Wednesday, May 30, 2012

Your image could save a stream

Vision systems have traditionally been employed in industrial applications to inspect products to ensure that they meet the requirements set down by manufacturers.

But with the advent of the camera-based mobile phone, new applications are coming on stream that allow individual members of the public to take part in so-called "citizen based"  projects in which they can capture images to help inspect the state of the environment.

In one such project called Creek Watch, folks across the world can monitor watersheds and report their conditions using an iPhone application developed by IBM Research. Every update provides data that local water authorities can then use to track pollution, manage water resources and plan environmental programs.

The free Creek Watch app is claimed to be easy to use. All individuals have to do is to stop by any waterway and, with the phone's GPS enabled, take a photo and submit three crucial pieces of data on the water level, flow rate and trash found.

"That’s all it takes to play your part in helping conserve and protect your local water resources," said Christine Robson, an IBM computer scientist who helped develop Creek Watch. "No expertise or training is required. This is an exercise in crowd sourcing, where every individual is encouraged to become a citizen scientist and get engaged with their environment."

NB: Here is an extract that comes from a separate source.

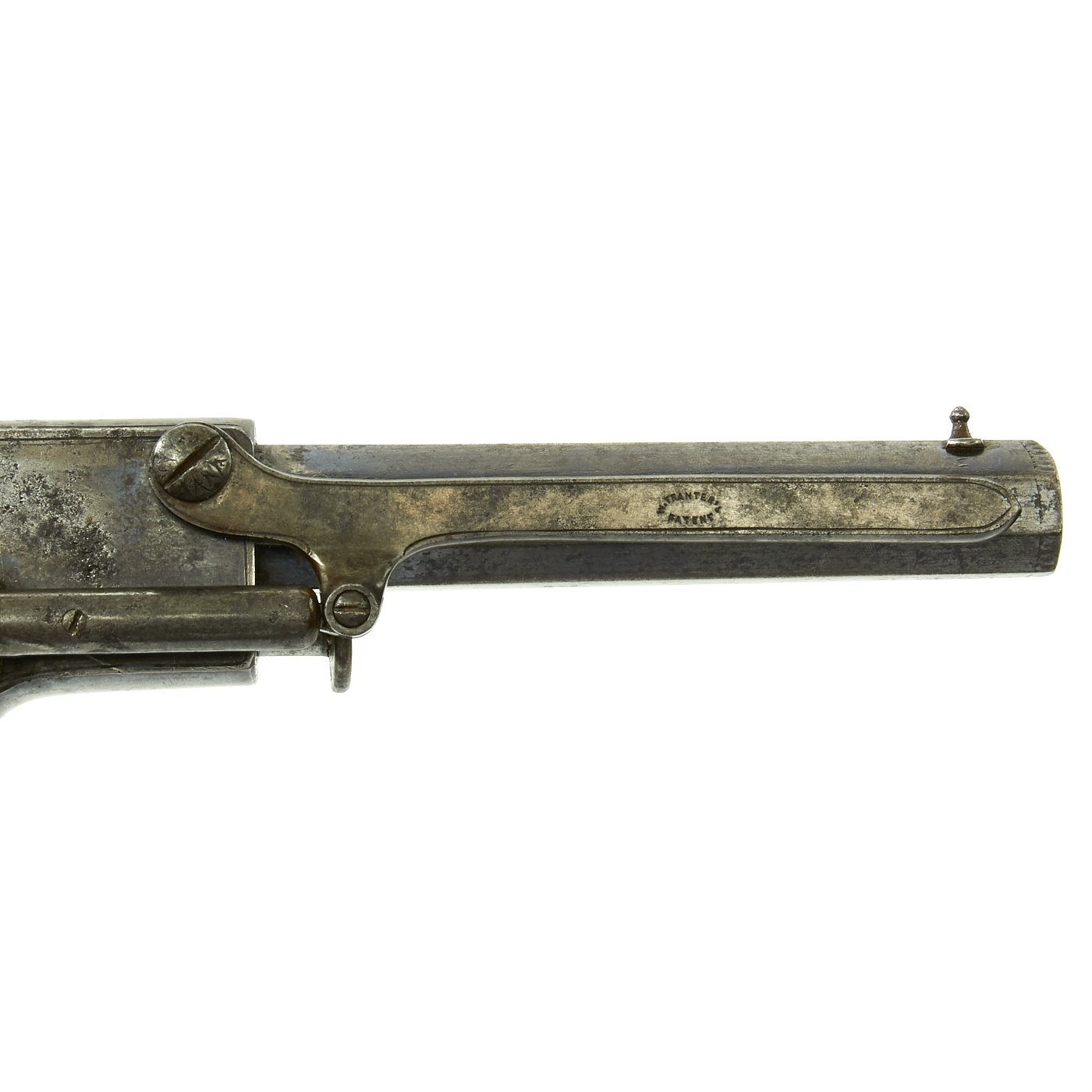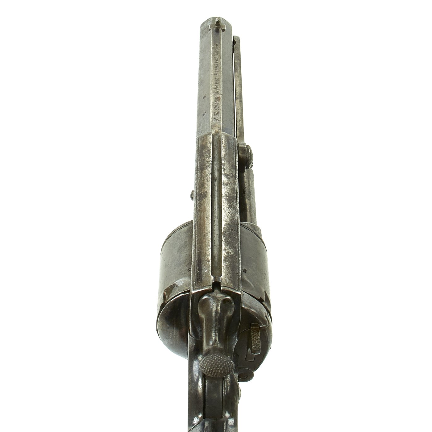 William Tranter was a major Birmingham gun maker who made many private purchase weapons at his factory until his retirement in 1885. The patent marking is also present on other parts of the revolver. The basic design of his revolvers was originally developed for cap and ball percussion, but was easily adapted for later Rimfire and Centerfire cartrdges.

A new update to the app makes it easy for users to share their photos and findings on Facebook and Twitter, if they want to. The IBM researchers think that such postings are expected to encourage more users to use the app and allow them to collect more data.

IBM Research aggregates the Creek Watch reports and makes them available at, where water control boards and other interested parties can filter the data and view it as an interactive map or download a spreadsheet. The California State Water Control Board is the first entity to partner with IBM and use Creek Watch to monitor the thousands of miles of creeks and steams across its jurisdiction.

With the app in use in 25 countries so far, IBM researchers hope that Creek Watch adoption will continue to grow across the globe. "The iPhone's GPS system automatically ties each Creek Watch submission to a precise location, allowing water experts anywhere in the world to find local data to use for critical water management decisions," said Jeff Pierce, who leads the mobile computing research team at IBM's Almaden facility and helped develop Creek Watch.

I can't help but think that this Creek Watch app is a rather good idea. Let's hope the idea will encourage other folks in the computer business to develop similar apps that will empower the general public to use their cameras for the benefit of mankind.